_YOUR ASSIGNMENT_
Starting at the first line of the data, print each line verbatim up to and including the line bearing "長めのスカート丈で清楚な印象!ジャンパースカートタイプの制服コスプレ(M)。", omitting pictures.

_Records contained in a dataset_
•••

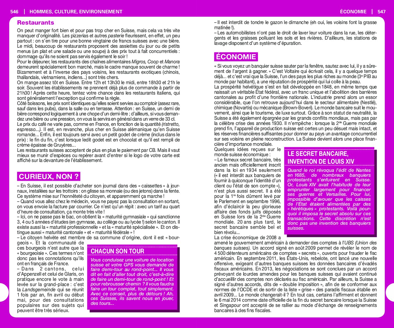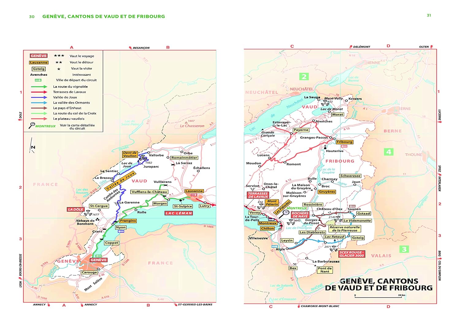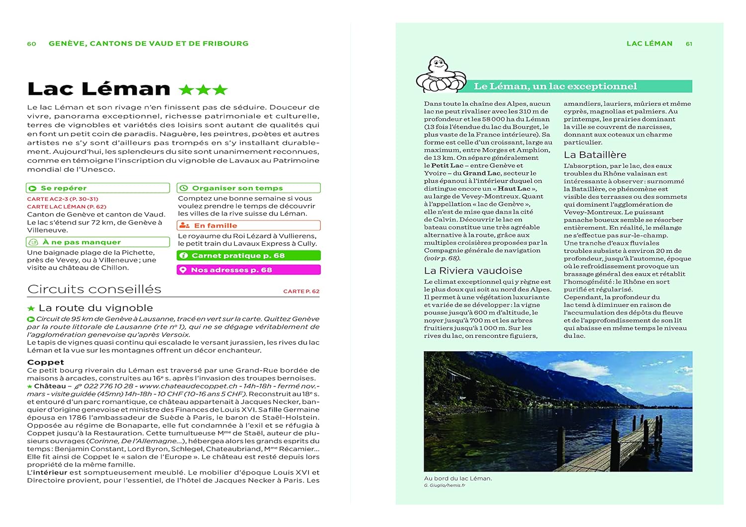 Une véritable encyclopédie pour le voyageur à destination de la Suisse, répertoriant les sites incontournables avec un système d’évaluation de 1 à 3 étoiles.
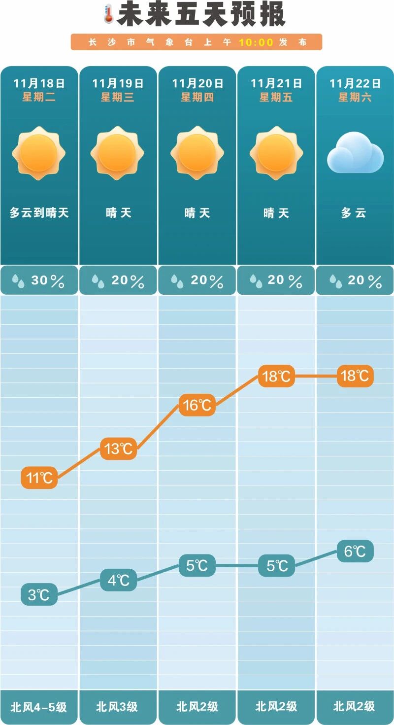 周末两日(22日到23日)长沙天气以多云为主,北风稳定在2级,气温分别为6℃至18℃、7℃至19℃,呈稳步回升态势,适宜市民户外活动。
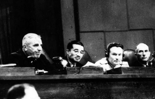 梅汝璈(左二)在东京审判现场(资料照片)。
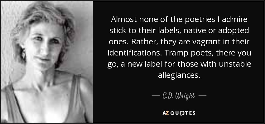 Almost none of the poetries I admire stick to their labels, native or adopted ones. Rather, they are vagrant in their identifications. Tramp poets, there you go, a new label for those with unstable allegiances.
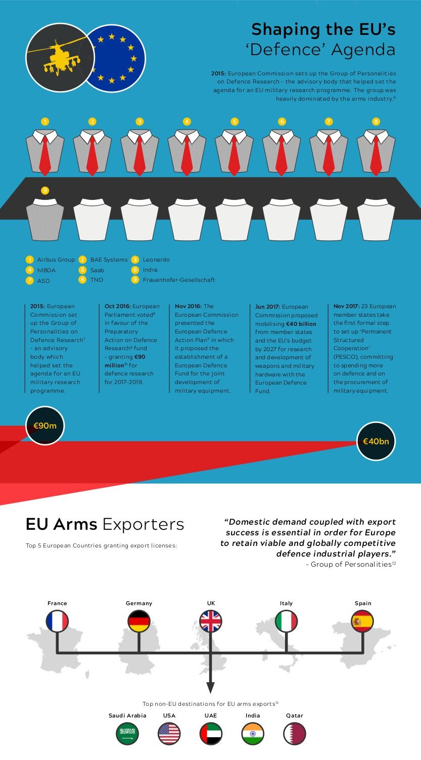 Το 2015 η Ευρωπαϊκή Επιτροπή δημιουργεί την Ομάδα Προσωπικοτήτων για την έρευνα για την Άμυνα. Στην ομάδα κυριαρχούν τα μέλη που προέρχονταν από τη βιομηχανία όπλων.
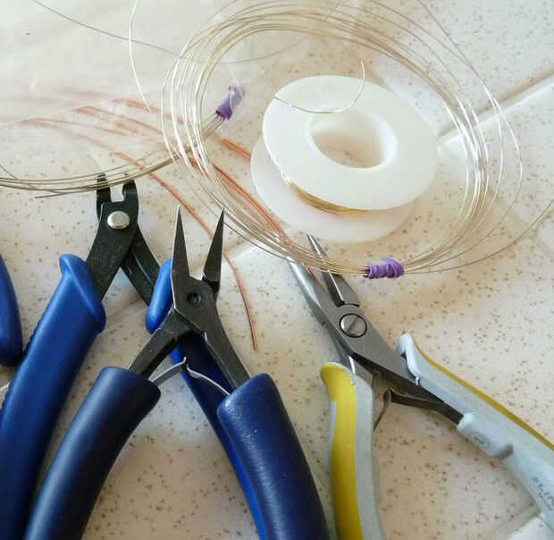 Alambre: Puede utilizar cualquier tipo de alambre de metal no tóxico, aunque prefiero por calidad de joyería de alambre en línea. Escultura de alambre y Río Grande son excelentes fuentes. Si estás empezando, te recomiendo cobre o bronce. Son baratos y se ven muy bien con pulimento o pátina.
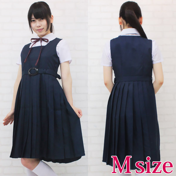 長めのスカート丈で清楚な印象!ジャンパースカートタイプの制服コスプレ(M)。
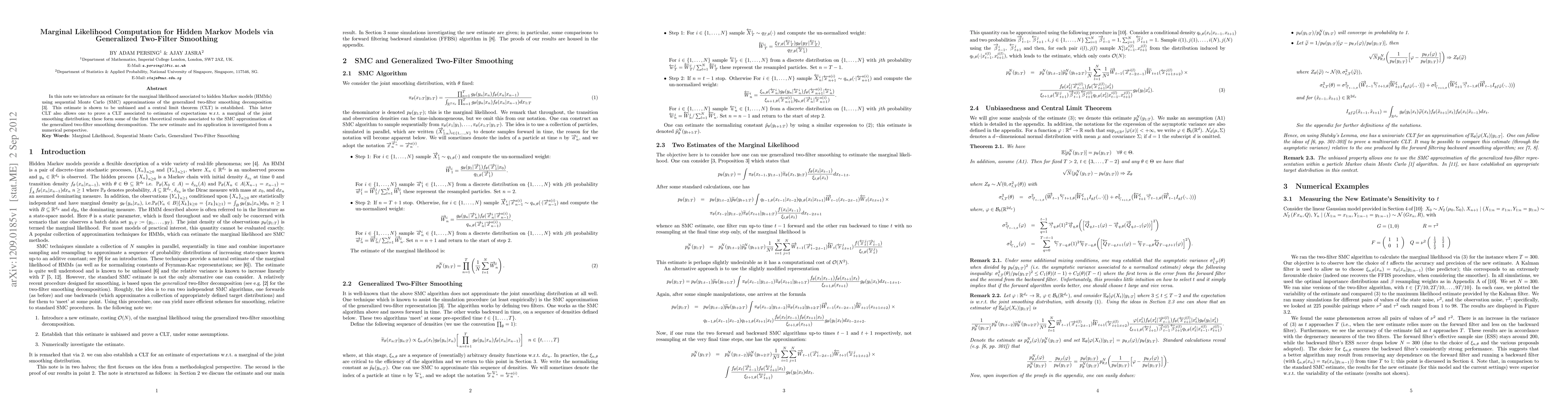 In this note we introduce an estimate for the marginal likelihood associated to hidden Markov models (HMMs) using sequential Monte Carlo (SMC) approximations of the generalized two-filter smoothing decomposition (Briers, 2010). This estimate is shown to be unbiased and a central limit theorem (CLT) is established. This latter CLT also allows one to prove a CLT associated to estimates of expectations w.r.t. a marginal of the joint smoothing distribution; these form some of the first theoretical results associated to the SMC approximation of the generalized two-filter smoothing decomposition. The new estimate and its application is investigated from a numerical perspective.
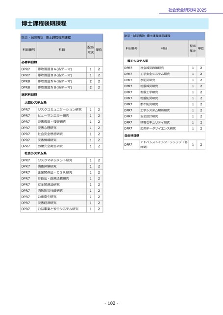 社会安全研究科2025防災・減災専攻博士課程後期課程科目番号科目理工システム系DPR7DPR7DPR7DPR7DPR7DPR7DPR7DPR7DPR7DPR7DPR7社会減災政策研究工学安全システム研究水防災研究地震減災研究耐震工学研究地盤防災研究都市防災研究工学システム解析研究安全設計研究情報セキュリティ研究応用データサイエンス研究自由科目群DPR7アドバンストインターンシップ(各機関)配当年次単位111111111111222222222222博士課程後期課程防災・減災専攻博士課程後期課程科目番号科目必修科目群DPR7DPR7DPR8DPR8専攻演習ⅢA(各テーマ)専攻演習ⅢB(各テーマ)専攻演習ⅣA(各テーマ)専攻演習ⅣB(各テーマ)選択科目群人間システム系DPR7DPR7DPR7DPR7DPR7DPR7DPR7リスクコミュニケーション研究ヒューマンエラー研究災害復旧・復興研究災害心理研究社会安全思想研究災害情報研究労働安全衛生研究社会システム系DPR7DPR7DPR7DPR7DPR7DPR7DPR7DPR7DPR7リスクマネジメント研究損害保険研究企業関係法・CSR研究行政法・政策法務研究安全関連法研究消防防災行政研究公衆衛生研究災害経済研究公益事業と安全システム研究配当年次単位1122111111111111111122222222222222222222-182-
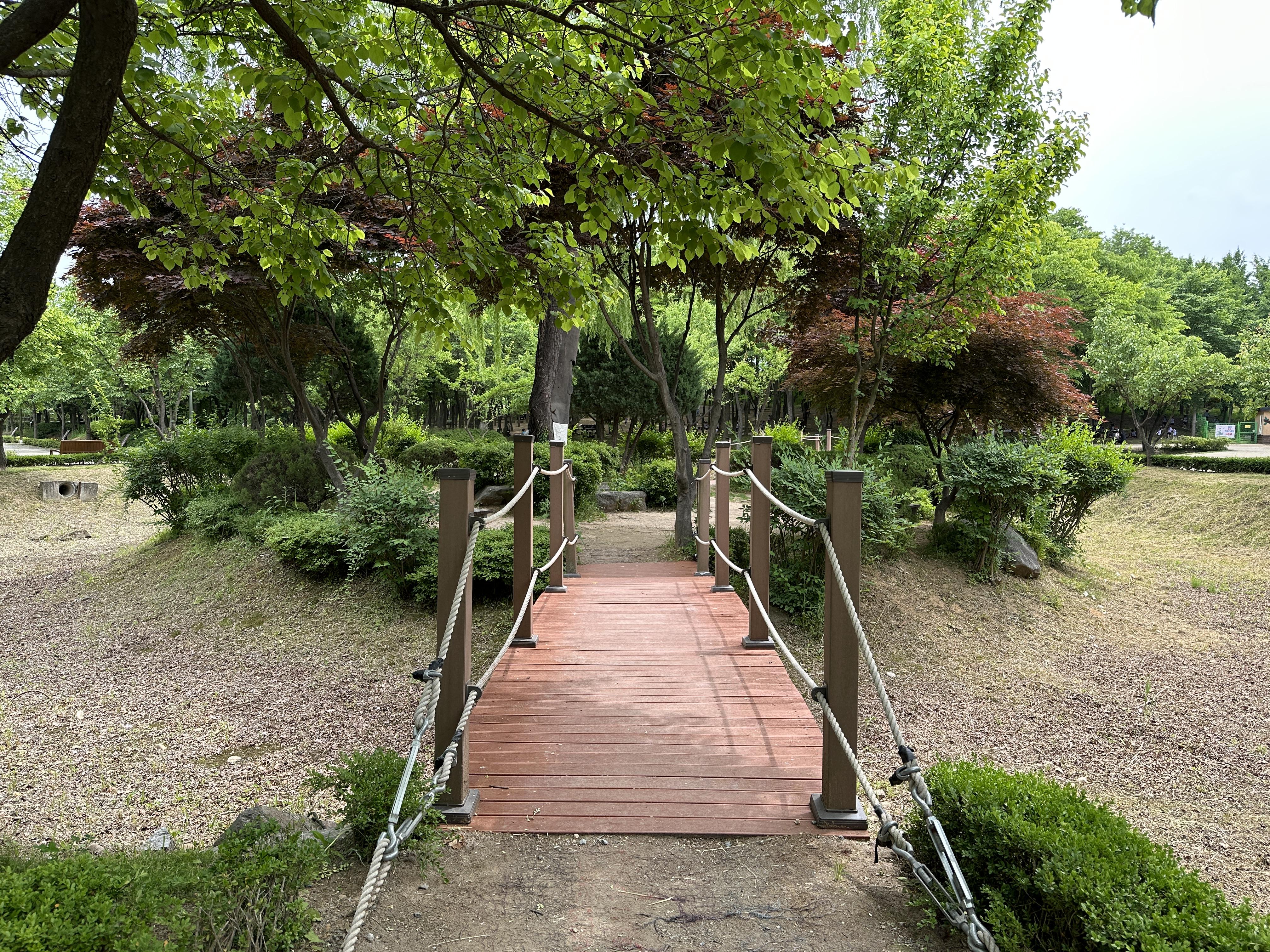 공원은 생태숲 산책로와 습지, 농촌 체험학습장을 갖추었다. 아이와 함께 걸으면 산책로는 자연학습장이 된다. 나무에 설치된 인공새집과 버섯을 양생 하는 모습도 볼 수 있고 가끔 다람쥐나 청설모,, 꾀꼬리, 고라니도 만날 수 있다. 아이와 아주 천천히 걸어도 한 시간 안으로 입구까지 돌아올 수 있다.
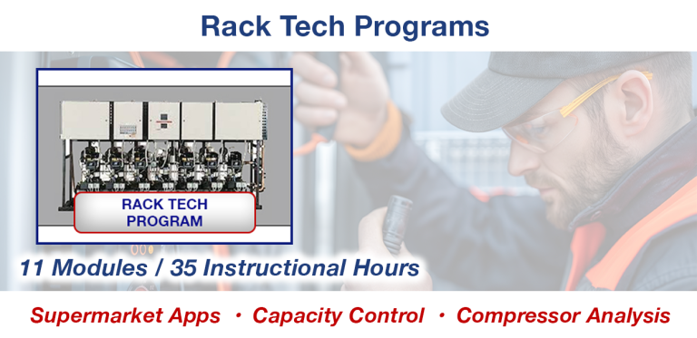 The Rack Tech Program is an advanced program totaling 35 instructional hours. Students will take one course at a time in a systematic progression that moves through market refrigeration and the specific technologies focusing on Parallel and Unparallel Rack Systems and Applications as well as video demonstrations of compressor teardowns.
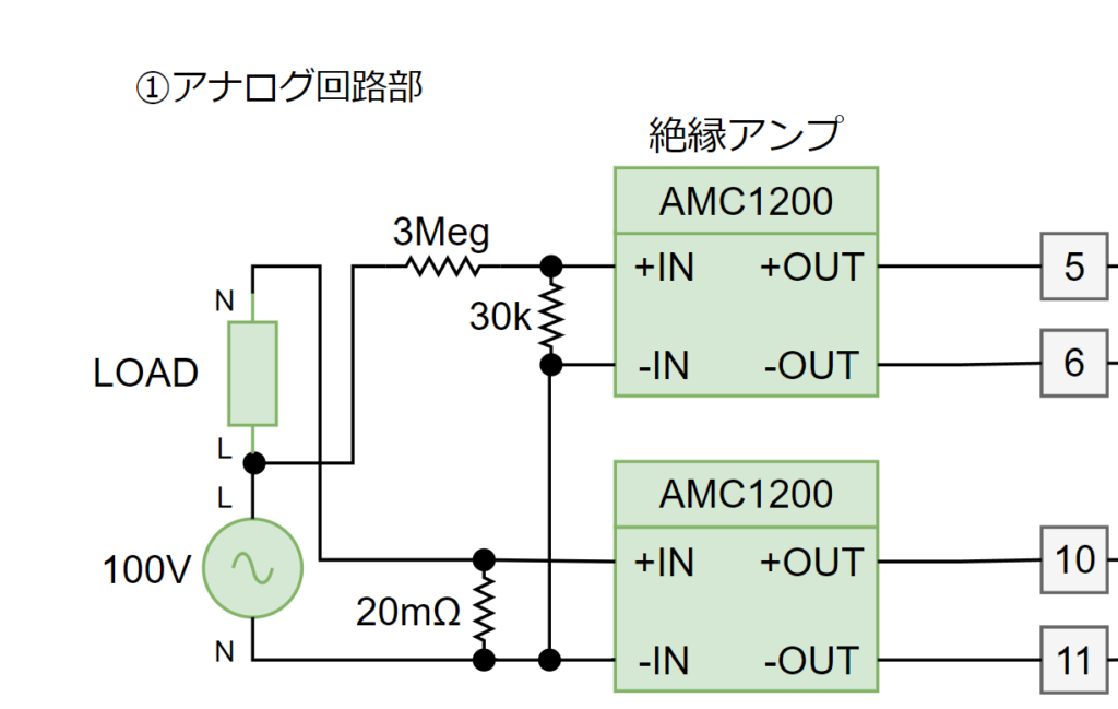 交流電圧は、抵抗分圧によってL(Live)側の電圧を1000分の1に分圧し、これを絶縁アンプに入力します。
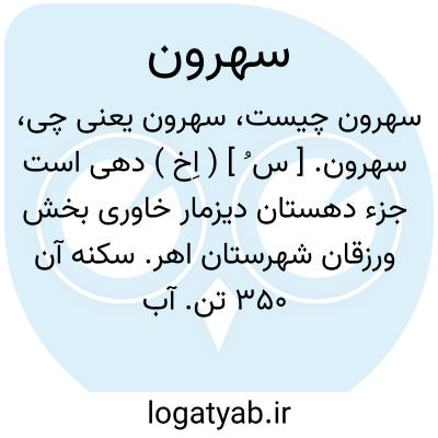 سهرون. [ س ُ ] ( اِخ ) دهی است جزء دهستان دیزمار خاوری بخش ورزقان شهرستان اهر. سکنه آن 350 تن. آب آن از چشمه. محصول آنجا غلات. شغل اهالی زراعت و گله داری و صنایع دستی آنان جاجیم بافی است. ( از فرهنگ جغرافیائی ایران ج 4 ).
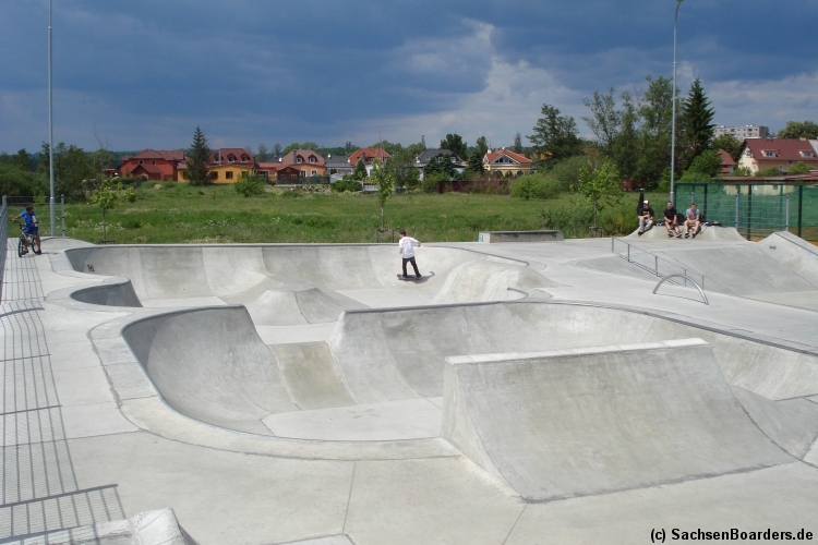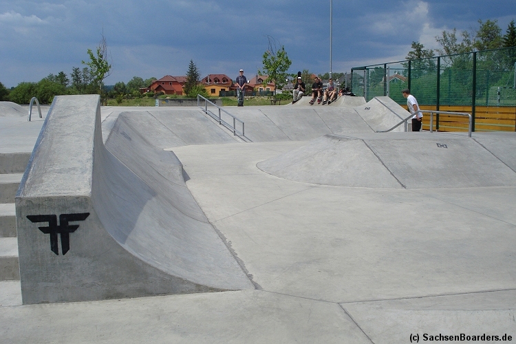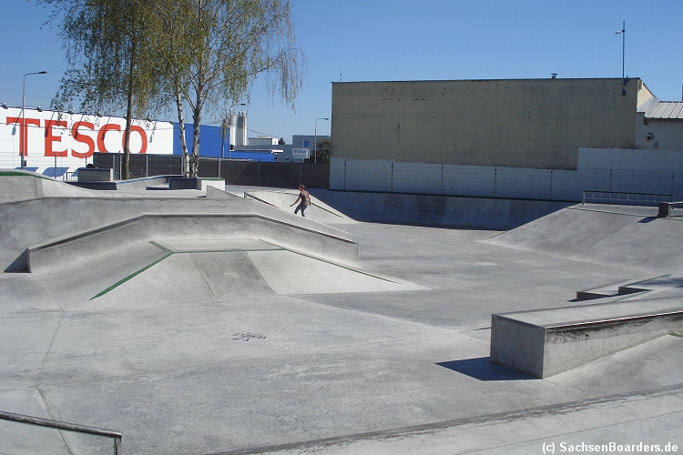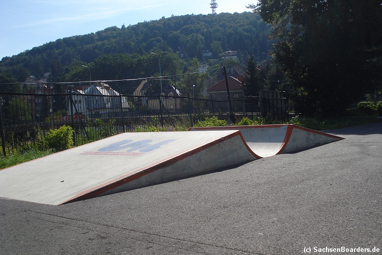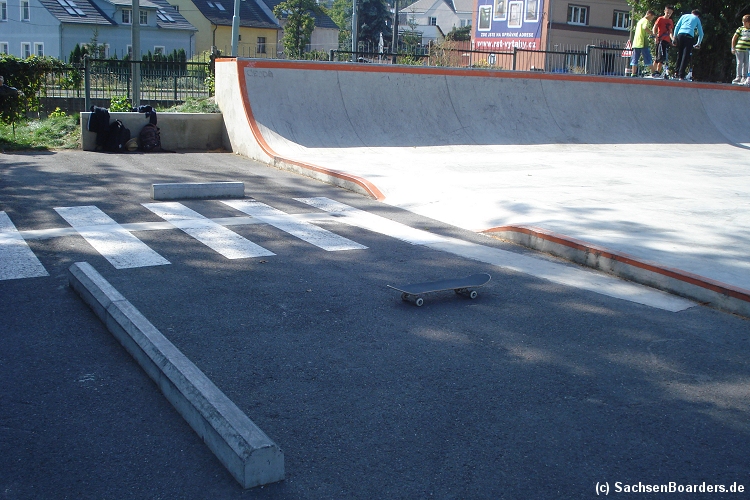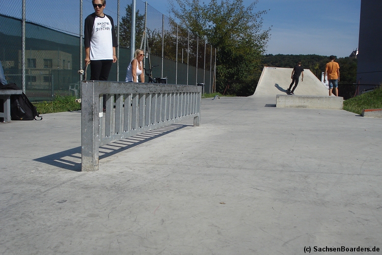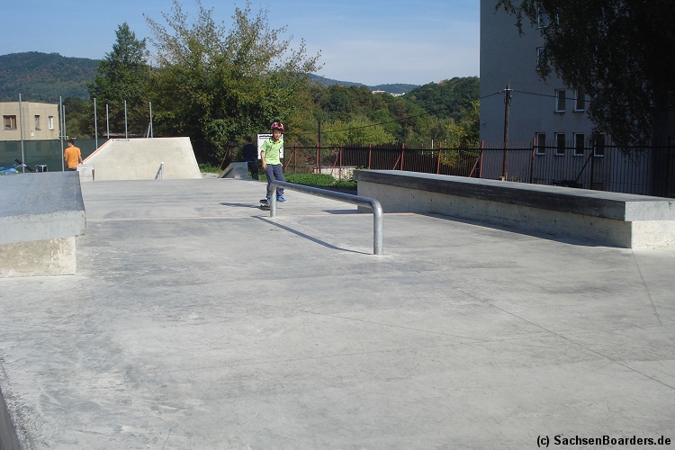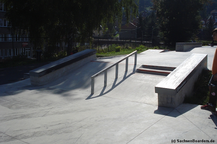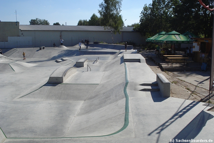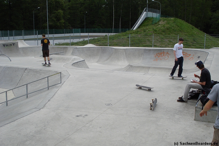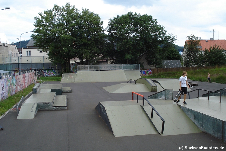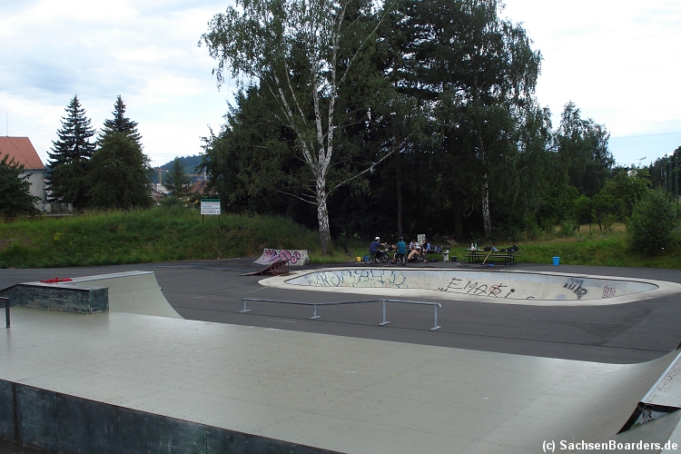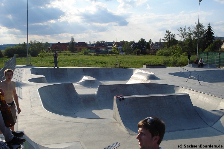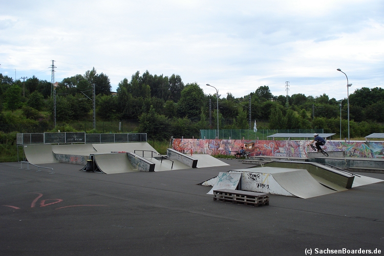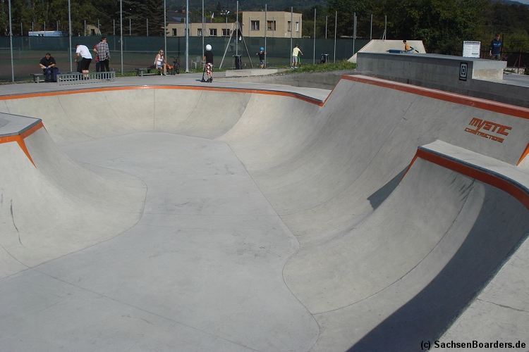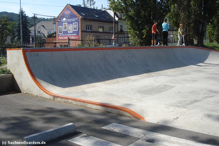 Nur etwa eine Autostunde südlich von Chemnitz, am Fuße der böhmischen Seite des Erzgebirges, gibt es gleich 2 Parks in einem und noch einen großen Holzbowl dazu. Einziges Manko ist das auf den Walls des Bowls breit geschmierte Wachs, das vor unseren Augen von einem Inliner demonstrativ auf das Coping gerieben wurde.

•••

_OUTPUT OF THE EXERCISE_
 Une véritable encyclopédie pour le voyageur à destination de la Suisse, répertoriant les sites incontournables avec un système d’évaluation de 1 à 3 étoiles.
 周末两日(22日到23日)长沙天气以多云为主,北风稳定在2级,气温分别为6℃至18℃、7℃至19℃,呈稳步回升态势,适宜市民户外活动。
 梅汝璈(左二)在东京审判现场(资料照片)。
 Almost none of the poetries I admire stick to their labels, native or adopted ones. Rather, they are vagrant in their identifications. Tramp poets, there you go, a new label for those with unstable allegiances.
 Το 2015 η Ευρωπαϊκή Επιτροπή δημιουργεί την Ομάδα Προσωπικοτήτων για την έρευνα για την Άμυνα. Στην ομάδα κυριαρχούν τα μέλη που προέρχονταν από τη βιομηχανία όπλων.
 Alambre: Puede utilizar cualquier tipo de alambre de metal no tóxico, aunque prefiero por calidad de joyería de alambre en línea. Escultura de alambre y Río Grande son excelentes fuentes. Si estás empezando, te recomiendo cobre o bronce. Son baratos y se ven muy bien con pulimento o pátina.
 長めのスカート丈で清楚な印象!ジャンパースカートタイプの制服コスプレ(M)。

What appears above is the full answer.